Giorgio scuote la testa appena vede un balcone pericolante su una strada di frequente passaggio. “Non c’è nemmeno una bindella per limitare il traffico delle persone. E potrebbe cadere a ogni minuto”.
La fase due con Pro Terra Sancta
È passato un mese dal terremoto e inizia la fase “due”, quella dedicata alla ricostruzione. La squadra è al lavoro, accompagnata da alcuni ingegneri locali e i membri del “Syrian Trust for Developement”, l’associazione che sta lavorando per riparare i danni causati dal terremoto. Ci sono anche loro, quattro specialisti venuti dall’Italia con grande entusiasmo per aiutare. Libero, Giorgio, Bruno e Diego: è la prima missione che Pro Terra Sancta ha organizzato per dare il via alla seconda fase.
Spesso non è facile: in una città come Aleppo, i danni del terremoto hanno danneggiato in modo irreparabile edifici costruiti con incuria colpevole. Le macerie sono ancora lì dove il terremoto le ha scaraventate. Non ci sono ruspe che possono andare a toglierle, e non si sa quanti morti debbano ancora essere estratti. Centinaia, migliaia. Soprattutto ad Aleppo Est. I nostri esperti dialogano con gli ingegneri locali, offrono pareri, misurano i danni.
Le parole di fra Bahjat
Questa missione è frutto di una bella collaborazione con il governo siriano e tra le chiese locali. “Una cosa mai vista – dice il parroco francescano padre Bahjat – ben tredici chiese cristiane che si sono unite come non mai per aiutare immediatamente la popolazione”. Un ecumenismo di sangue, lo chiamano. Quell’unità che nemmeno durante la guerra erano riusciti ad avere. E ora si trovano assieme, per coordinare gli aiuti e cominciare a ricostruire. Le case, certo. Ma anche le chiese e gli edifici di culto, così preziosi nella città martire siriana. “Le persone hanno bisogno di case, ma anche di luoghi dove pregare. Lo abbiamo visto durante la guerra – prosegue fra Bahjat – come le persone si fossero trovate smarrite senza un luogo che li richiamasse a sperare”.
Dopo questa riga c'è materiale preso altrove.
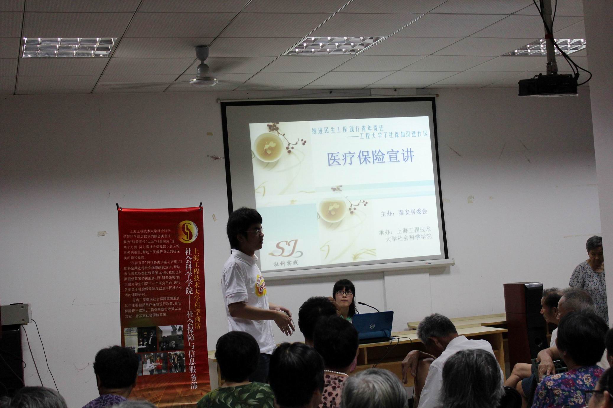 为普及医疗保险政策,让更多的居民了解相关知识,推进学院暑期社会实践及科学商店活动的开展,2012年7月30日,365上市公司马克思主义理论教学部科学商店组织了一次“工程大学子社保知识进社区”的政策宣传活动,为小区居民答疑解惑。出席本次活动的有小昆山镇秦安居委会蒋书记、周主任和365上市公司社会科学学院分团委书记张强老师。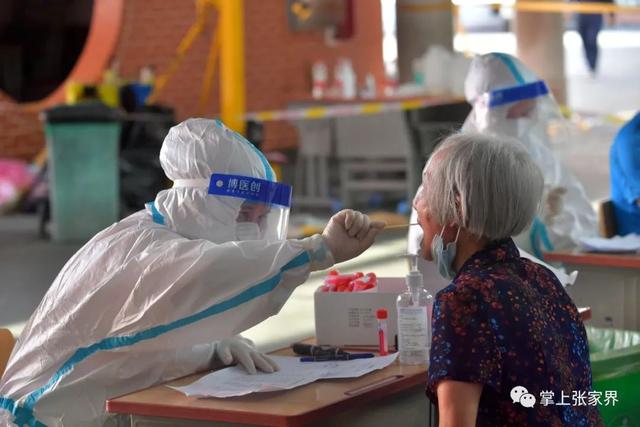 时间:日前,慈利县医疗队员到永定区进行医疗支援,对枫香岗街道居民进行核酸检测。穿着防护服的他们,汗水浸湿了衣衫。

Le giornate passano tra una visita e l’altra. “Qui l’acqua ha creato un’infiltrazione”. “Bisogna evacuare subito questo edificio”. E ancora: “Attenzione a mettere i mattoni sulle scale: in queste condizioni potrebbero crollare”. Attenzione a tutti i dettagli. Ogni particolare non viene sottovalutato. A volte si può fare ancora qualcosa per salvare l’edificio, altre volte bisognerebbe demolirlo. Si spera che venga fatto.
Le nostre giornate tra entusiasmo e sconforto
Entusiasmo e sconforto si abbracciano in queste giornate intense, dove non c’è un attimo da perdere. Anche Basil, un giovane ingegnere aleppino, si unisce al gruppo. Pochissima esperienza, ma tanta voglia di fare. E di imparare. “Quando ho saputo di questa missione, ho subito cercato di unirmi al gruppo. Voglio dare una mano a ricostruire il mio paese”. Non è scontato. La maggior parte dei giovani se ne vuole andare, e non si nasconde più.
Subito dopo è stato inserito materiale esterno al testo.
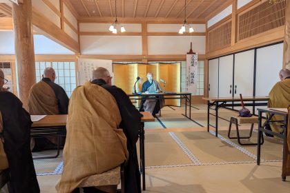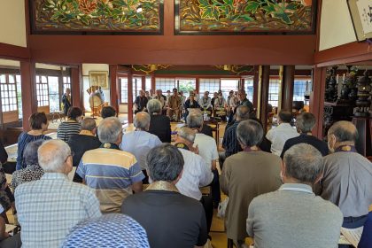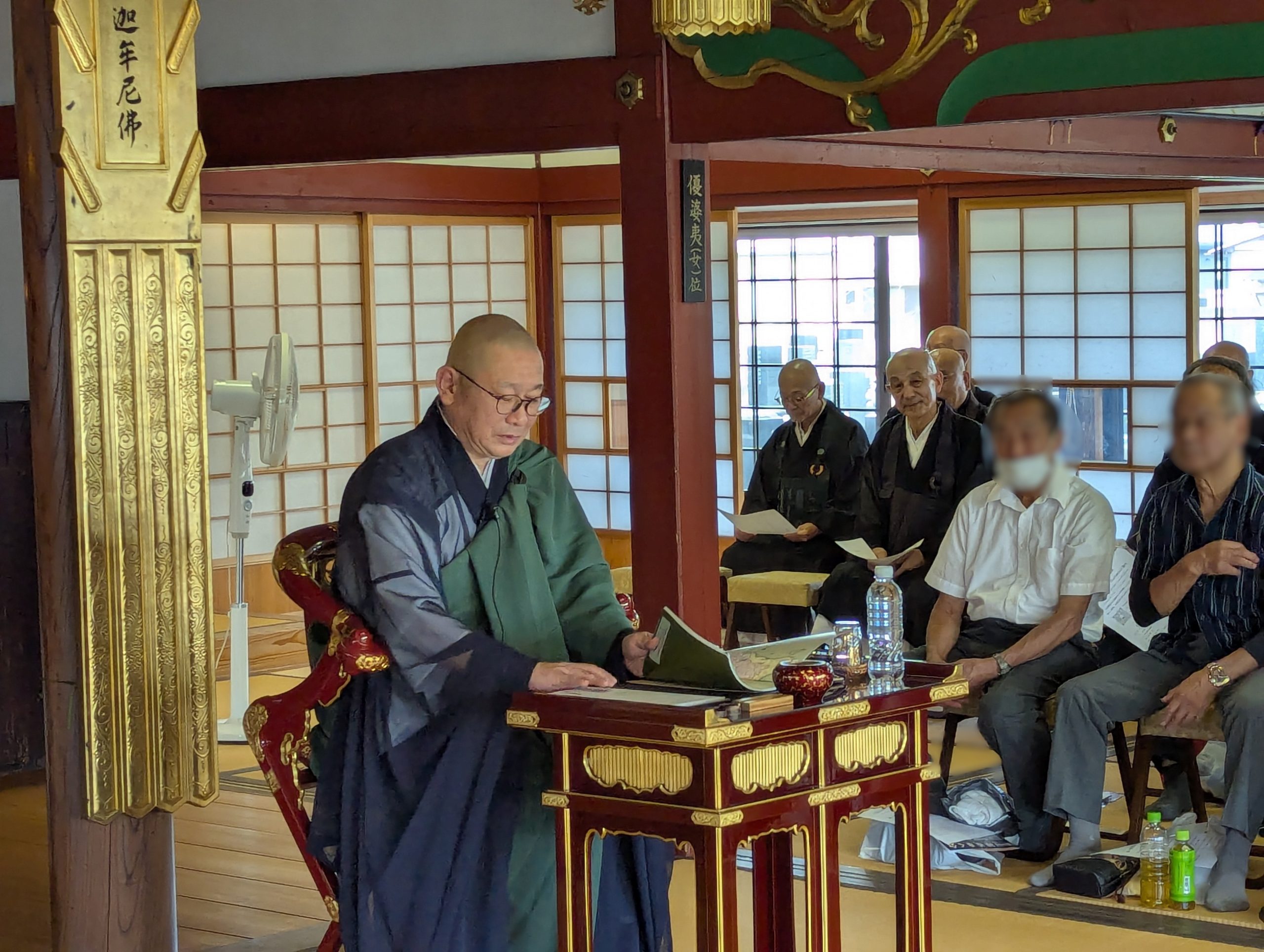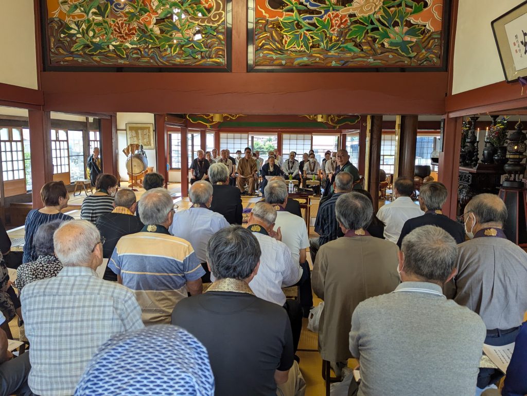 Home › 新着 行事報告 › R7特派布教会 2025-10-01 R7特派布教会 去る9月29日(月)に境野町祥雲寺様にて特派布教師(北海道正覚院住職松村直俊老師)による特派布教会が開催されました.お天気に恵まれ少し汗ばむ陽気ではございましたが,良い環境にて布教師様の心のこもった法話を聞くことができました.布教師様はとても明るい感じで檀信徒の皆様へお話され,分かりやすい言葉で,ご自分とお檀家様との関係を通した体験による内容から,縁起を説明され,互いに助け合いながら生きていくことの大切さを説かれ,管長猊下の告諭をわかりやすくお話されました. 関連記事 R7群馬県祖門会主催眼蔵会 当山十八世住職晋山結制法要円成いたしました 令和6年涅槃会 大般若経典天日干し R7菱公民館生涯学習坐禅会 本日は両祖様の命日 R7群馬県祖門会主催眼蔵会

La Siria vive una crisi economica senza precedenti, con la lira che si svaluta ogni giorno che passa. Le prospettive sono davvero poche, eppure c’è ancora chi spera in un futuro migliore. Aggiunge Basil: “Ma non basta sperare. Bisogna provare a costruirlo. Io sono stato fortunato nella vita. Ho potuto studiare, frequentare una bella Università e ho buone possibilità di fare un bel lavoro. Voglio restituire un po’ quello che mi è stato dato. Con i miei amici, per le persone che vivono ancora qui. E con l’aiuto di Dio, sono sicuro che ce la faremo”.